With freight volumes largely stagnant, with highway passenger traffic very much on the decline, and with the transition going mainly not to aviation but to rail, the forward prognosis for travel-related demand for oil in China is simply not all that great. The trends simply are not there.
If we look at freight tonnage rather than people, there is no trend which leads to increased demand for oil.
China is looking at increased power demand from the growth in passenger rail, but as power generation most likely means more coal burning rather than more oil, that incremental power demand is not likely to produce much incremental oil demand.

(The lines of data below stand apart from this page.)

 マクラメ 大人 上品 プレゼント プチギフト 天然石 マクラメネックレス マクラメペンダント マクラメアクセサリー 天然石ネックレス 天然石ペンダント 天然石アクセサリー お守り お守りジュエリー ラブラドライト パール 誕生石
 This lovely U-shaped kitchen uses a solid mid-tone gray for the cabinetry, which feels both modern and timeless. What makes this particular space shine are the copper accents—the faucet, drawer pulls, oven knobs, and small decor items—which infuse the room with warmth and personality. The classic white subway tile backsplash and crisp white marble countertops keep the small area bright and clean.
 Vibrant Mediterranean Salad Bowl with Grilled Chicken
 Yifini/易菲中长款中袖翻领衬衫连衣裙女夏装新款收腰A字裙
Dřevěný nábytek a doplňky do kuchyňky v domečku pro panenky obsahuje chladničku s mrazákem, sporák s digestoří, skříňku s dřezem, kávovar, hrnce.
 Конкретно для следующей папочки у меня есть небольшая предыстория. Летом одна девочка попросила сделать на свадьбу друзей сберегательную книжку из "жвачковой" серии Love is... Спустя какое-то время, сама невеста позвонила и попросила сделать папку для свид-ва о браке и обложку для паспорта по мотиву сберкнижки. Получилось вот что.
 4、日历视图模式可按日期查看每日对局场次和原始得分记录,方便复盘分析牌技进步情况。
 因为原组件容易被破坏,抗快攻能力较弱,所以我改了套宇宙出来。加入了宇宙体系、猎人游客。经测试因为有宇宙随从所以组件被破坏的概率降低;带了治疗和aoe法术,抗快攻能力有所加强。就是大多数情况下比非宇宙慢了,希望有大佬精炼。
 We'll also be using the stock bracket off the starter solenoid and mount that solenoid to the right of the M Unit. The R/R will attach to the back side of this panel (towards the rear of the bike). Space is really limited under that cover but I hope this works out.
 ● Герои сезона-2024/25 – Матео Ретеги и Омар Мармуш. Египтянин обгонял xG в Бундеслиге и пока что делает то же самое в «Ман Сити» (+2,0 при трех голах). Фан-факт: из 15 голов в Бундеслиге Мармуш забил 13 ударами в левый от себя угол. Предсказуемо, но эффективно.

The oil bulls are looking for a sharp increase in China’s oil demand to push oil prices even higher now that the OPEC+ production cuts have finally established a floor price for oil, and given OPEC the leverage to ratched the price per barrel up. Where that increased demand will appear within China’s economy is at this point something of a mystery. Contrary to the oil bulls’ expectations, China’s resurgent travel sector is not yet poised to put much upward pressure on oil prices
In order for there to be a sustained increase in the price of oil, there has to be a sustained increase in relative demand. Without progress on the demand side OPEC can only push prices up by pulling oil stocks off the market—which can only be done to a certain extent without harming overall oil revenues.
The oil bulls are hoping China is going to provide that rise in oil demand to keep up the price pressure. China’s travel surge has been the latest hopium sustaining the bulls’ narrative. However, the internal composition of that travel surge is not one that favors oil. The oil bulls will likely have to look elsewhere to find support for further increases in oil prices.